2010 song by Mac Miller and Empire of the Sun

"The Spins" is a song by American rapper Mac Miller and Australian electronic music duo Empire of the Sun from the former's fourth mixtape K.I.D.S. (2010). Produced by B. Jay, it samples the beat and chorus of "Half Mast" by Empire of the Sun. "The Spins" stands as Mac Miller's most streamed song on Spotify, having surpassed 1 billion streams as of June 2025. On October 4, 2024, the song was released as a 7-inch vinyl single.

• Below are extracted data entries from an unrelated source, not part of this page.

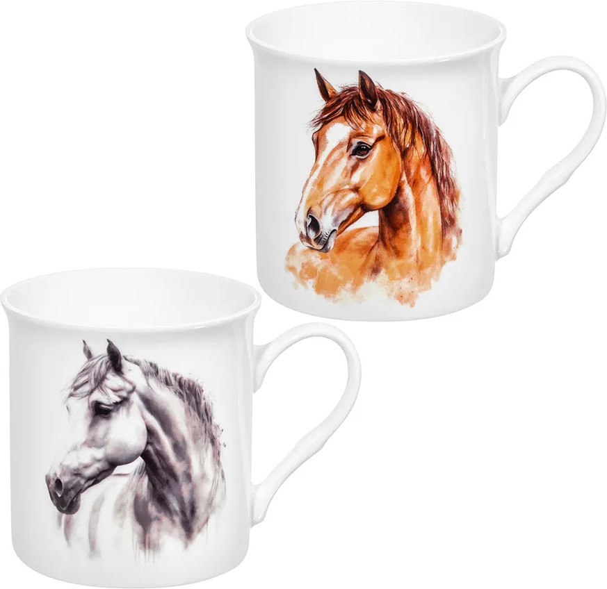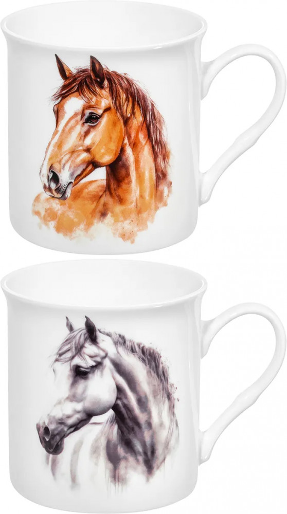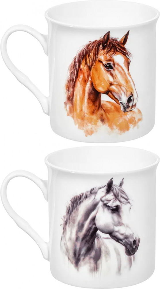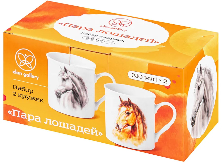 Набор 2 кружек «Пара лошадей» от Elan Gallery предназначен для эстетичной сервировки вашего стола. Размер каждой ёмкости — 11,5×8,5×9 см, объём — 310 мл. Выполнены из высококачественного белого фарфора. Он не впитывает цвет напитков и легко отмывается, благодаря чему надолго сохранит свою белизну. Поверхность изделий украшают рисунки в виде голов лошадей — гнедой и белой. Изображения выполнены в лёгкой акварельной манере. Образ лошади символизирует энергию и свободу. Он отражает силу, красоту и неукротимый дух, вдохновляя на преодоление преград. Кофейные кружки помогут вам провести множество приятных завтраков с капучино и латте, а также уютные чайные вечера с конфетами, вафлями и другими сладостями.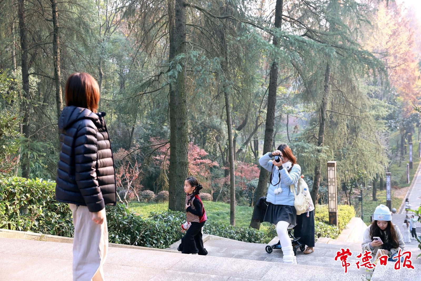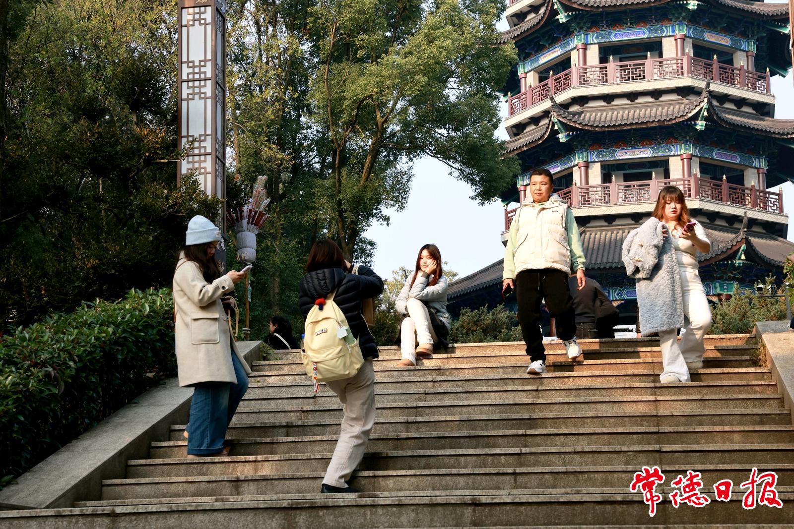 12月7日,常德市天气晴好,暖阳高照。常德孤峰公园内山水掩映,景致宜人,吸引了众多市民游客前来漫步游玩、拍照打卡。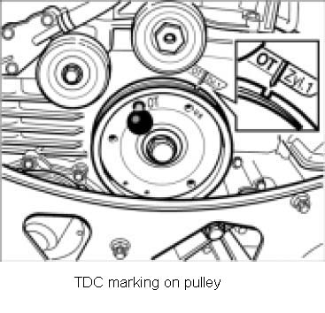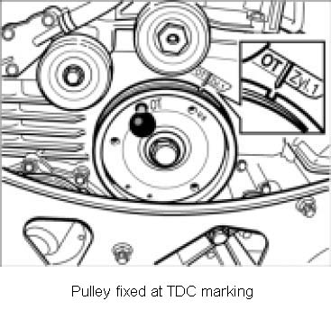 2. Disassembling cylinder bank 1 - 3 Turn crankshaft at the pulley/vibration balancer clockwise to the overlapping TDC of cylinder 1. Disassembling cylinder bank -6 Turn crankshaft to the TDC for cylinder. Using a locating pin 9595/ 1 fix the pulley or vibration balancer.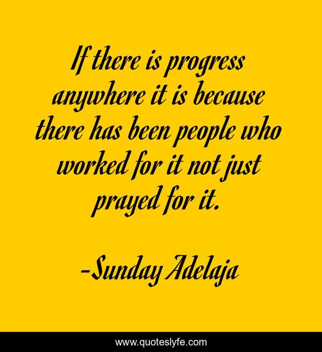 This page presents the quote "If there is progress anywhere it is because there has been people who worked for it not just prayed for it.". Author of this quote is Sunday Adelaja. This quote is about pray, progress, people,.

The song's instrumental was included on the B-side of the record.

==Charts==

Weekly chart performance
| Chart (2025–2026) | Peak position |
|---|---|
| Global 200 (Billboard) | 175 |
| Ireland (IRMA) | 34 |
| Lithuania (AGATA) | 89 |
| Netherlands (Single Tip) | 4 |
| Sweden Heatseeker (Sverigetopplistan) | 10 |
| UK Indie (OCC) | 16 |
| UK Hip Hop/R&B (OCC) | 26 |

==Certifications==

Certifications for "The Spins"
| Region | Certification | Certified units/sales |
| Denmark (IFPI Danmark) | Gold | 45,000^{‡} |
| New Zealand (RMNZ) | 4× Platinum | 120,000^{‡} |
| United Kingdom (BPI) | Platinum | 600,000^{‡} |
| United States (RIAA) | Gold | 500,000^{‡} |
^{‡} Sales+streaming figures based on certification alone.